Recorded data:
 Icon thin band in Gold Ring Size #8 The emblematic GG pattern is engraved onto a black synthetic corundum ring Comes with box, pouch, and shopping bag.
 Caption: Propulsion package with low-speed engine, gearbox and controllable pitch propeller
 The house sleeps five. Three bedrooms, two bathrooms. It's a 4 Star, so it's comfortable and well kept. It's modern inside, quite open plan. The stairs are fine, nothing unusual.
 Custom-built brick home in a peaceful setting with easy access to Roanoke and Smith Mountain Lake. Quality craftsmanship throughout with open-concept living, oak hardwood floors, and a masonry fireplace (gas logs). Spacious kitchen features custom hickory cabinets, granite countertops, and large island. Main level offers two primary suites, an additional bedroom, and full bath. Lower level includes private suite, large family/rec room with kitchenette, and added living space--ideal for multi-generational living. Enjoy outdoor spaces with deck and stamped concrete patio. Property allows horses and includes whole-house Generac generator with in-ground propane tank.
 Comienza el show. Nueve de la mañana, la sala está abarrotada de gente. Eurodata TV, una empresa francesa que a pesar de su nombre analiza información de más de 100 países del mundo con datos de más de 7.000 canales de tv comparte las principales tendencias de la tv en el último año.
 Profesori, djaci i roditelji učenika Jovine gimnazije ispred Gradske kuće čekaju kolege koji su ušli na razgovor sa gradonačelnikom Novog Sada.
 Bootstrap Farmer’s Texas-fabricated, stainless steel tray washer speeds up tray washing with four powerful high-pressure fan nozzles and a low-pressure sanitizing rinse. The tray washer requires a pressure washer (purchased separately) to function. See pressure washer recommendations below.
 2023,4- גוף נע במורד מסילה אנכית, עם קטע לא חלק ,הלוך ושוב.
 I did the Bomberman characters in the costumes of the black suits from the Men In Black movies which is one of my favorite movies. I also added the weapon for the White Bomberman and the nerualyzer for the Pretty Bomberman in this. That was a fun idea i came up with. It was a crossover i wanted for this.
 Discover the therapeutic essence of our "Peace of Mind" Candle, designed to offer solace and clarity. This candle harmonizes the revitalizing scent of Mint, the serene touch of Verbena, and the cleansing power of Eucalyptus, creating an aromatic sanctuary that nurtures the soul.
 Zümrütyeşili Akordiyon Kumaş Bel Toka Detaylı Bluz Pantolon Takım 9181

TASK ITEM:
Reproduce every line of the data exactly as it was written.

RESPONSE TO THIS EXERCISE:
 Icon thin band in Gold Ring Size #8 The emblematic GG pattern is engraved onto a black synthetic corundum ring Comes with box, pouch, and shopping bag.
 Caption: Propulsion package with low-speed engine, gearbox and controllable pitch propeller
 The house sleeps five. Three bedrooms, two bathrooms. It's a 4 Star, so it's comfortable and well kept. It's modern inside, quite open plan. The stairs are fine, nothing unusual.
 Custom-built brick home in a peaceful setting with easy access to Roanoke and Smith Mountain Lake. Quality craftsmanship throughout with open-concept living, oak hardwood floors, and a masonry fireplace (gas logs). Spacious kitchen features custom hickory cabinets, granite countertops, and large island. Main level offers two primary suites, an additional bedroom, and full bath. Lower level includes private suite, large family/rec room with kitchenette, and added living space--ideal for multi-generational living. Enjoy outdoor spaces with deck and stamped concrete patio. Property allows horses and includes whole-house Generac generator with in-ground propane tank.
 Comienza el show. Nueve de la mañana, la sala está abarrotada de gente. Eurodata TV, una empresa francesa que a pesar de su nombre analiza información de más de 100 países del mundo con datos de más de 7.000 canales de tv comparte las principales tendencias de la tv en el último año.
 Profesori, djaci i roditelji učenika Jovine gimnazije ispred Gradske kuće čekaju kolege koji su ušli na razgovor sa gradonačelnikom Novog Sada.
 Bootstrap Farmer’s Texas-fabricated, stainless steel tray washer speeds up tray washing with four powerful high-pressure fan nozzles and a low-pressure sanitizing rinse. The tray washer requires a pressure washer (purchased separately) to function. See pressure washer recommendations below.
 2023,4- גוף נע במורד מסילה אנכית, עם קטע לא חלק ,הלוך ושוב.
 I did the Bomberman characters in the costumes of the black suits from the Men In Black movies which is one of my favorite movies. I also added the weapon for the White Bomberman and the nerualyzer for the Pretty Bomberman in this. That was a fun idea i came up with. It was a crossover i wanted for this.
 Discover the therapeutic essence of our "Peace of Mind" Candle, designed to offer solace and clarity. This candle harmonizes the revitalizing scent of Mint, the serene touch of Verbena, and the cleansing power of Eucalyptus, creating an aromatic sanctuary that nurtures the soul.
 Zümrütyeşili Akordiyon Kumaş Bel Toka Detaylı Bluz Pantolon Takım 9181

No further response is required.